The biggest issue was the inability to pressure Brady, who faced predominately zone schemes from the Steelers. Consequently, Brady was able to stand comfortably in the pocket and methodically pick apart a secondary helpless to do anything about it. This fact wasn't lost on coach Mike Tomlin when he spoke to reporters at the owners meetings in March.

"Our inability to play man-to-man effectively and our inability to apply pressure on the quarterback without blitzing were issues in that game," Tomlin said of the Patriots playoff loss.

So what was Tomlin looking for in a defensive back who is successful playing man to man?

"Staying close to people, it's that simple," he said.

A month later, the Steelers took former University of Tennessee cornerback Cam Sutton in the third round, and he arrives in Pittsburgh with a history of playing man-to-man defense. So too does the team's 2016 first-round pick Artie Burns, who played well as a rookie, though mostly in zone-based schemes.

"Every team that's won Super Bowls the last couple of years has been able to play man," Burns said this week from OTAs, via ESPN.com's Jeremy Fowler. "We want to be a team to play man, get the pressure on the quarterback and attack coverage downfield."

"It's always some opening in a zone defense," Burns continued. "It's someone who missed a drop, or it's always some group in a zone defense. To be able to play man, to get a guy right in someone's chest with the pressure, it affects the quarterback a little bit."

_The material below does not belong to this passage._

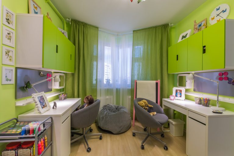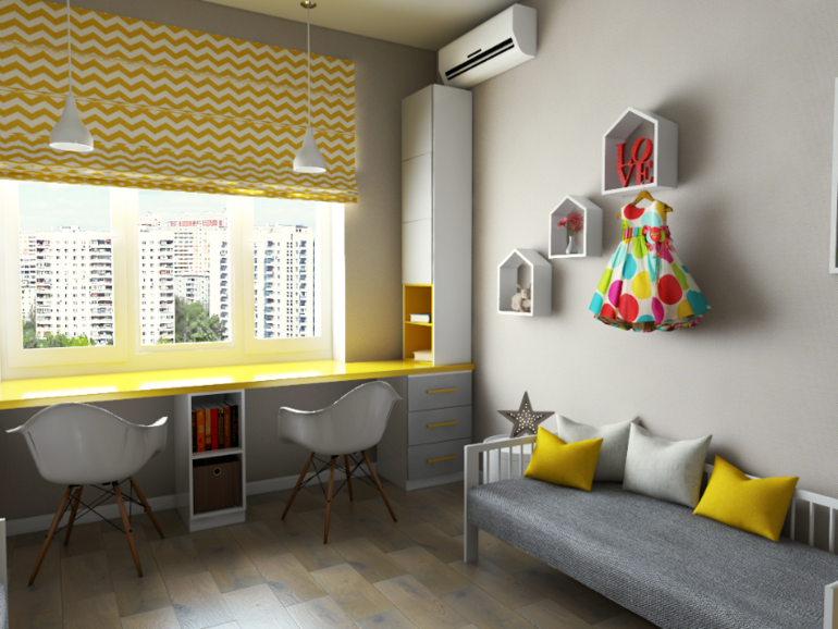 Интерьерное решение детской комнатыПро кровати в детскую я с вами поболтала (кстати, всем откликнувшимся спасибо, сделала много выводов, в голове все прояснилось, как дойдет до реализации - покажу). Теперь про учебную зону на перспективу. Через год в наличии будет одна первоклассница и одна трехлетка.

Pressure will hopefully come from outside linebacker Bud Dupree, the Steelers' 2015 first-rounder, and his 2017 first-round counterpart, T.J. Watt, in addition to defensive ends Cam Heyward and Stephon Tuitt. If Pittsburgh can consistently get after the quarterback with four rushers that will go a long way in easing the burden on an athletic-but-inexperienced secondary that includes 2016 second-rounder Sean Davis, who was quietly one of the defense's best players a season ago.